Penyesuaian harga BBM non-subsidi sejatinya bukan hal baru. Setiap badan usaha yang menjual BBM di Indonesia diwajibkan untuk melakukan evaluasi harga berkala yang mengacu pada patokan global, salah satunya Mean of Platts Singapore (MOPS). Patokan ini digunakan untuk menentukan batas atas dan bawah harga eceran BBM di dalam negeri, sebagaimana tertuang dalam regulasi Kementerian ESDM.

Lebih lanjut, Heppy menyampaikan bahwa fluktuasi harga BBM sangat dipengaruhi oleh faktor eksternal seperti geopolitik internasional, krisis pasokan energi global, serta kondisi makroekonomi yang memengaruhi kurs rupiah.

“Faktor eksternal yang tidak bisa dikendalikan, seperti konflik di Timur Tengah dan kebijakan OPEC+, turut berdampak terhadap biaya impor minyak dan distribusinya,” jelasnya.

Seiring dengan penyesuaian harga, Pertamina juga mengimbau masyarakat untuk mulai beralih ke BBM yang lebih ramah lingkungan. Salah satunya adalah Pertamax Green, yang merupakan hasil campuran antara bahan bakar fosil dan bioetanol. Inisiatif ini selaras dengan upaya transisi energi nasional menuju penggunaan energi yang lebih bersih dan berkelanjutan.

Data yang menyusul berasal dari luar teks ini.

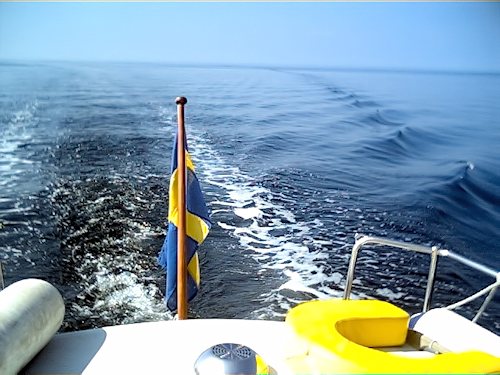 Det blir en solig behaglig färd utan sjögång. Perfekt motorbåtsväder.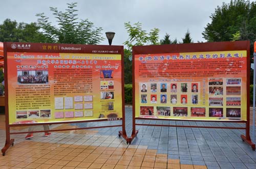 迎新宣传展板倍受员工关注。展板设计坚持以当前流行语与网络语言相结合的模式,以“博士、硕导教咱,想必是极好的!”介绍公司的团队力量,以“有事没事上个研吧!”展现研究生教学的最新成果,以“本科教学,元芳都说好”讲述本科发展历程,以“外交部,还是蛮不错的哦;三尺讲台,小时候的梦想呢;给老外打工也是建设社会主义祖国;为人民服务,每个公务员的梦想”介绍外交人员、教师、外企、公务员等未来的就业方向;以“多好的活动啊,给个赞吧!”展现丰富多彩的员工活动。同时,展板设计中还以“亲,必一运动欢迎你的到来哦!”并以新生照片组成的心形图案作为签名版的主体。一句“小伙伴们,到家了,来找找你,顺便签个到吧!”给新生以家的温暖。同时,在迎新现场,公司迎新工作小组还以发放“温馨提示”的形式提醒家长“您的孩子已经长大,让他自己提行李吧”引导新生走向独立;以介绍防范安全、提高警惕并附有派出所的报警电话的宣传单防范新生报到期间的人身、财产安全事故。在员工宿舍,以积极向上、乐于奉献、团结一致、勇往直前为主题的彩色门签引导新生认识成长中的大学,以谆谆教导、爱心叮嘱为主要内容的班主任寄语为新生注入了浓浓爱意。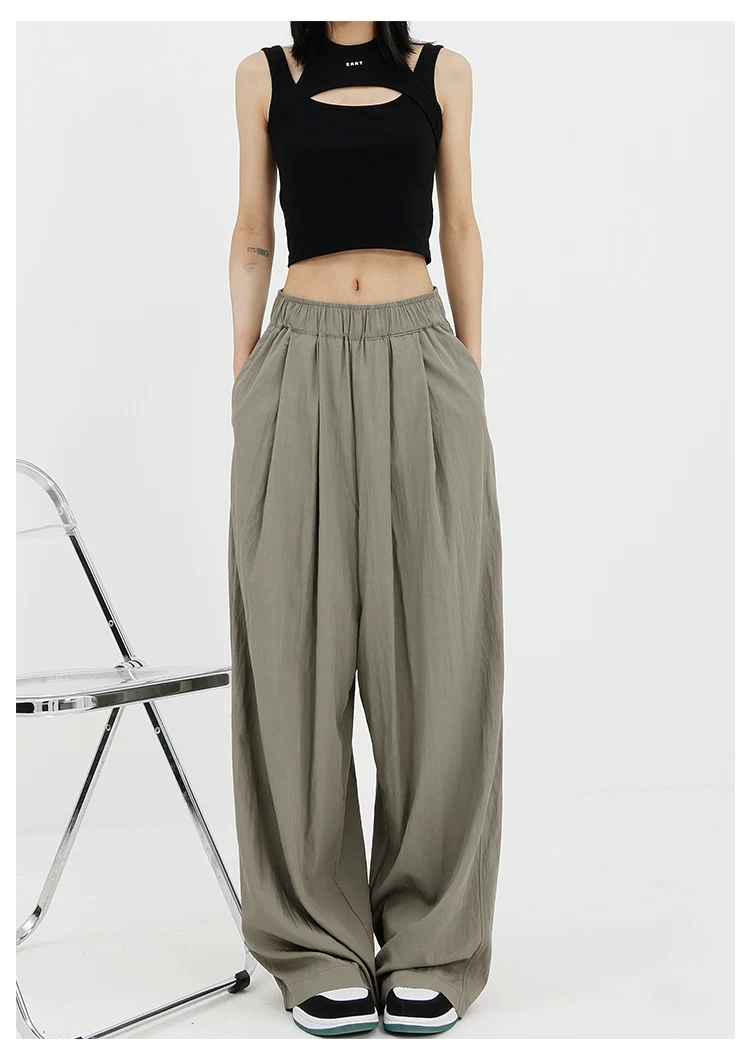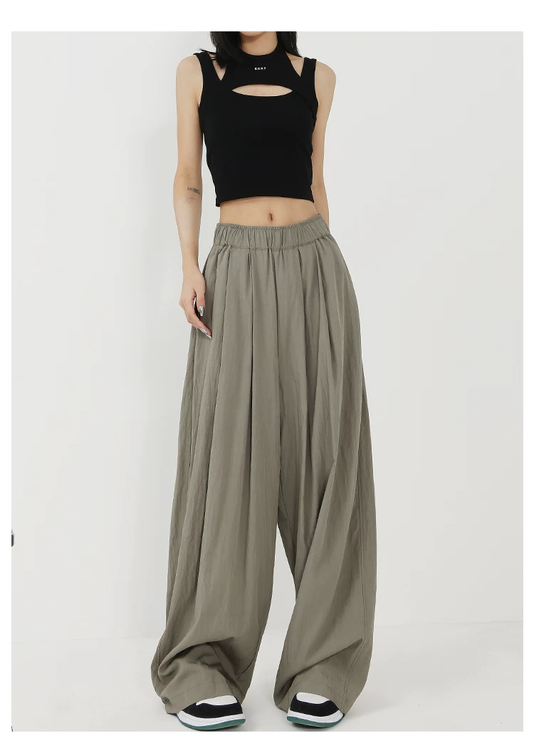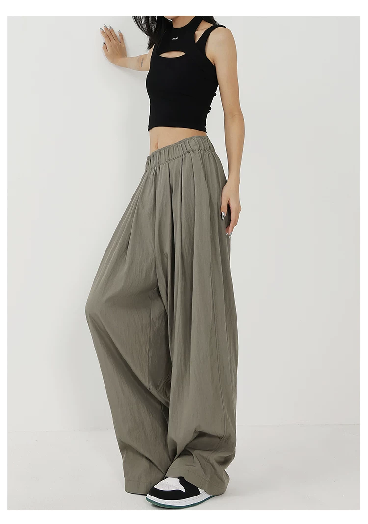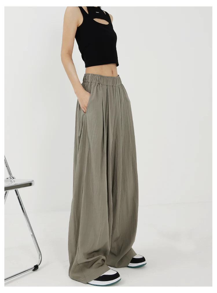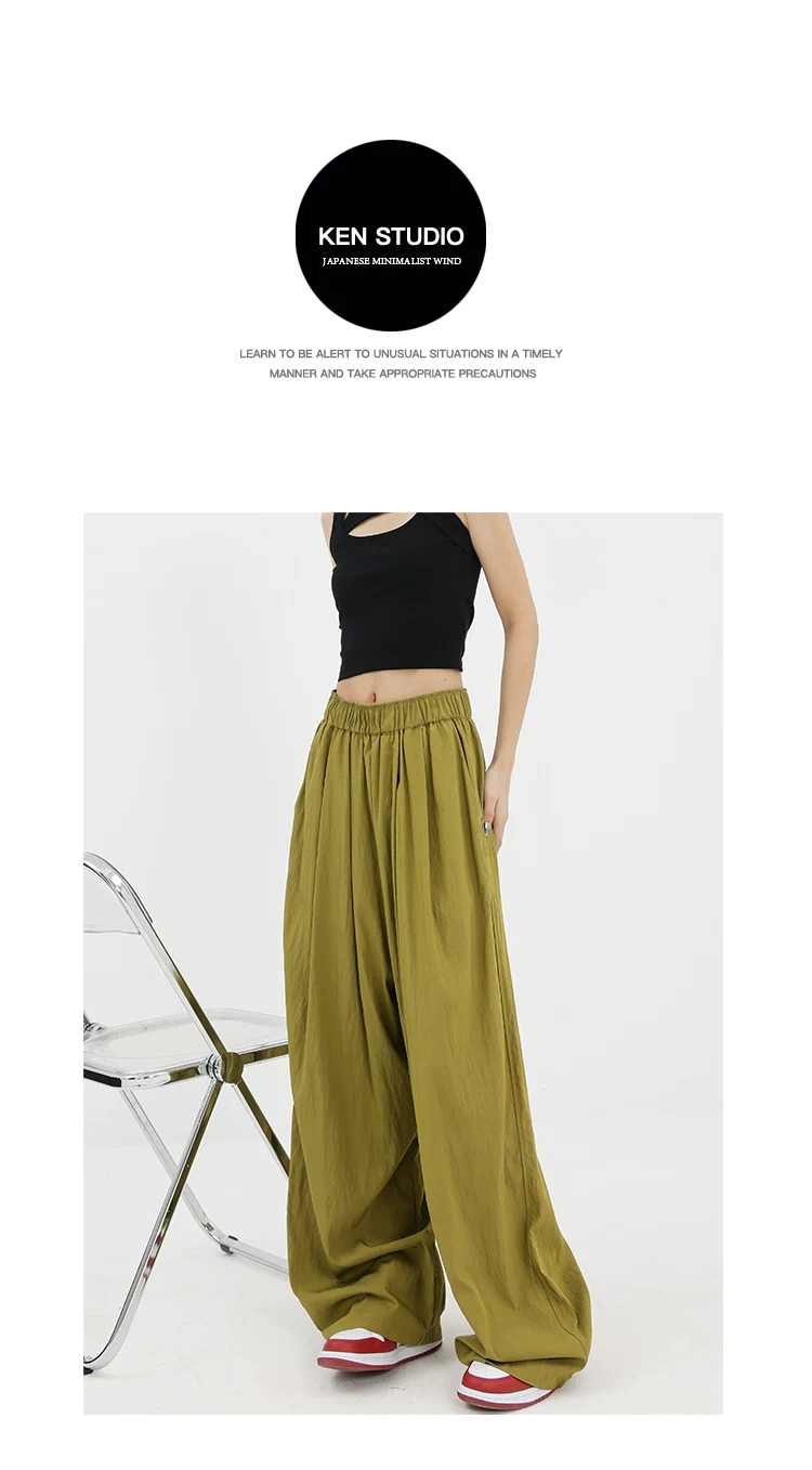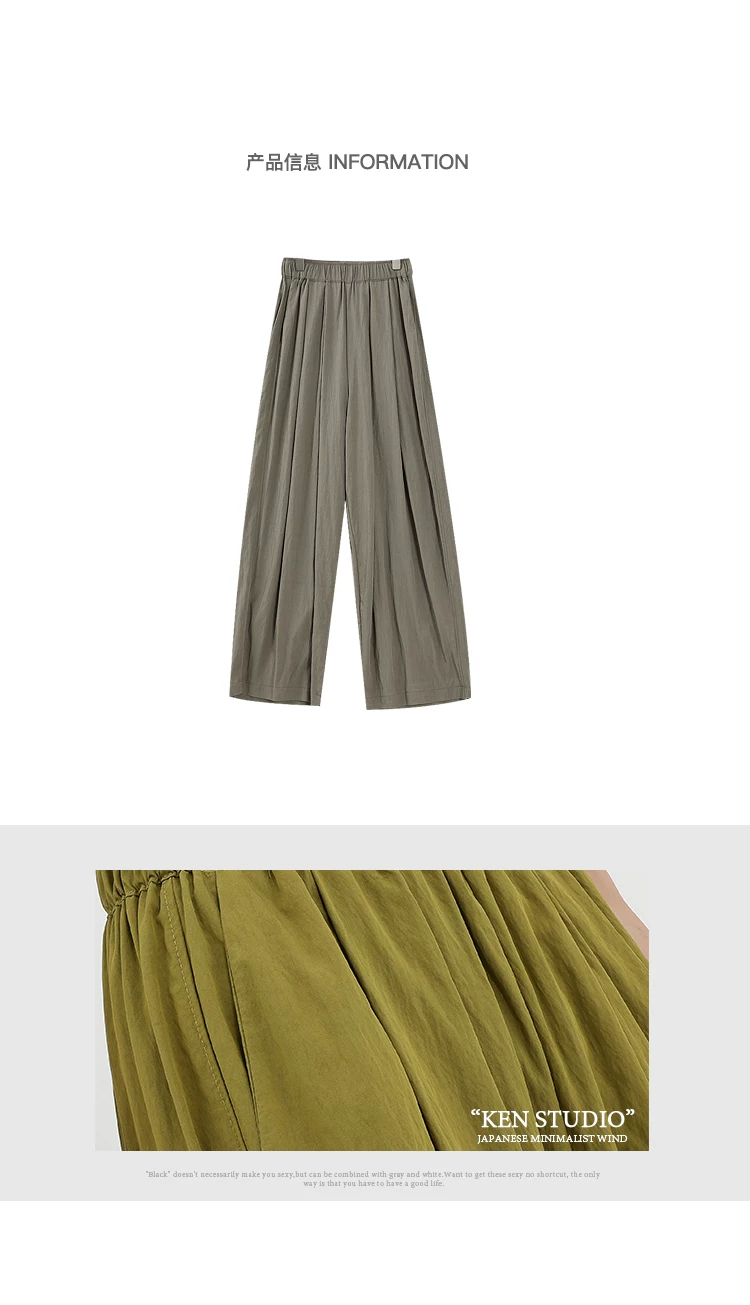 - KEN STUDIO quần ống rộng màu xám mới mùa hè dành cho nữ, quần Yamamoto dài xếp ly, dáng rộng, đa năng, dài đến sàn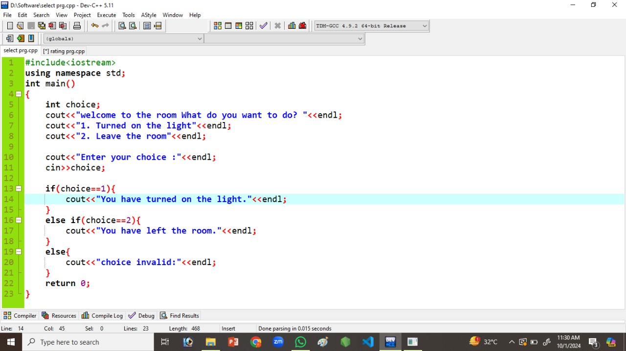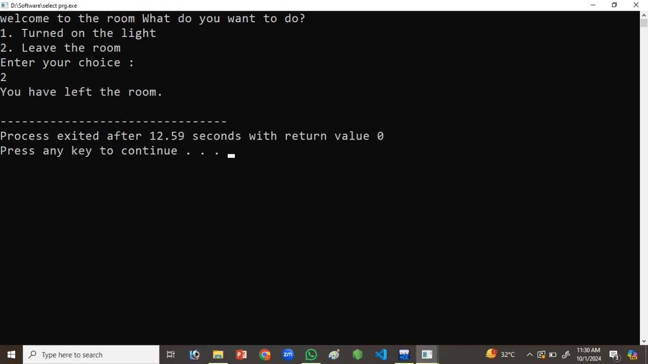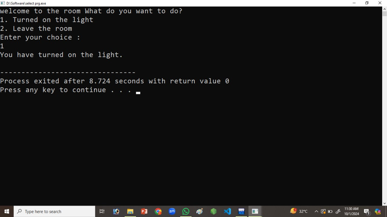 Here I will show you the program in which I i write 1 then it will show that you turned on the light. And If I will type 2 , then It will show you have left the room. And I will use it by using conditions. That is very necessary. Because condition is very necessary in this program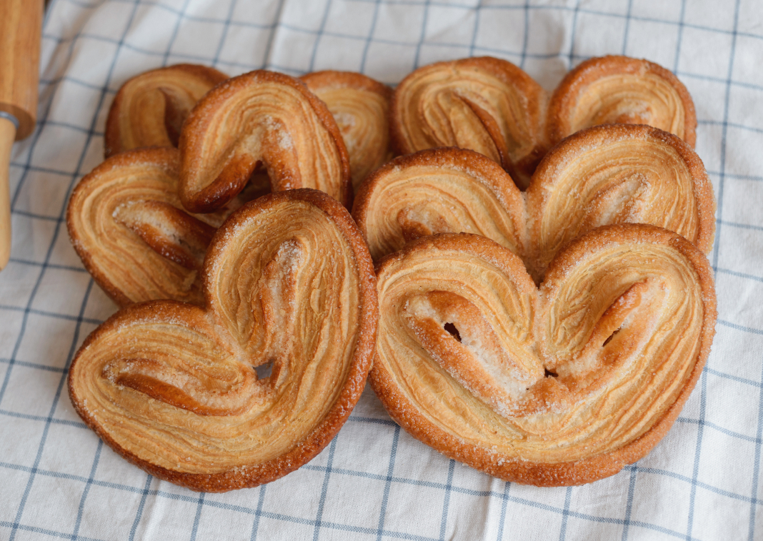 🥐✨ Crocante, ușor caramelizate și irezistibile! Fursecurile Palmier ❤️ sunt făcute din aluat foietaj fin, presărat cu zahăr și coapte până devin aurii și fragede. Perfecte lângă ☕ cafeaua de dimineață sau ca o gustare dulce 🍬 în timpul zilei!

Pertamina juga mendorong konsumen untuk mengoptimalkan penggunaan aplikasi MyPertamina guna memantau harga BBM terkini dan melakukan transaksi digital secara lebih efisien. Masyarakat dapat mengakses seluruh informasi resmi melalui laman www.pertamina.com.

Meski kenaikan ini menimbulkan kekhawatiran dari sebagian masyarakat, terutama pengguna kendaraan pribadi dan pelaku usaha logistik, pihak Pertamina menyatakan bahwa penyesuaian ini diperlukan demi menjaga keberlangsungan operasional distribusi BBM nasional.

Dengan kebijakan harga yang semakin mengikuti prinsip pasar terbuka, publik pun dituntut untuk semakin cermat dan bijak dalam mengelola konsumsi energi. Pemerintah dan badan usaha di sektor energi kini menghadapi tantangan besar untuk menyeimbangkan antara kebutuhan masyarakat dan keberlanjutan sistem distribusi energi nasional.

Jika tidak ada perubahan signifikan dari faktor eksternal, tren penyesuaian harga BBM non-subsidi kemungkinan besar akan terus terjadi secara berkala. Dalam situasi seperti ini, efisiensi energi menjadi salah satu solusi utama yang bisa diterapkan oleh seluruh lapisan masyarakat.

Selain memantau dinamika harga, sejumlah pengamat energi juga menyoroti perlunya transparansi dalam perhitungan harga BBM non-subsidi. Mereka mendorong Pertamina dan pemerintah untuk lebih terbuka terkait formula penetapan harga, agar masyarakat memahami alasan di balik setiap kenaikan. Keterbukaan ini dianggap penting untuk membangun kepercayaan publik, terutama ketika harga BBM bersentuhan langsung dengan kebutuhan dasar masyarakat dan stabilitas ekonomi nasional.

Di sisi lain, pelaku usaha transportasi dan logistik mulai menyuarakan kekhawatiran atas dampak domino dari kenaikan harga BBM non-subsidi. Biaya operasional diprediksi akan meningkat dan berpotensi memicu penyesuaian tarif angkutan barang maupun penumpang. Jika tidak diantisipasi dengan baik, hal ini bisa mengarah pada kenaikan harga barang konsumsi di tingkat konsumen, yang pada akhirnya memperbesar tekanan inflasi dalam negeri.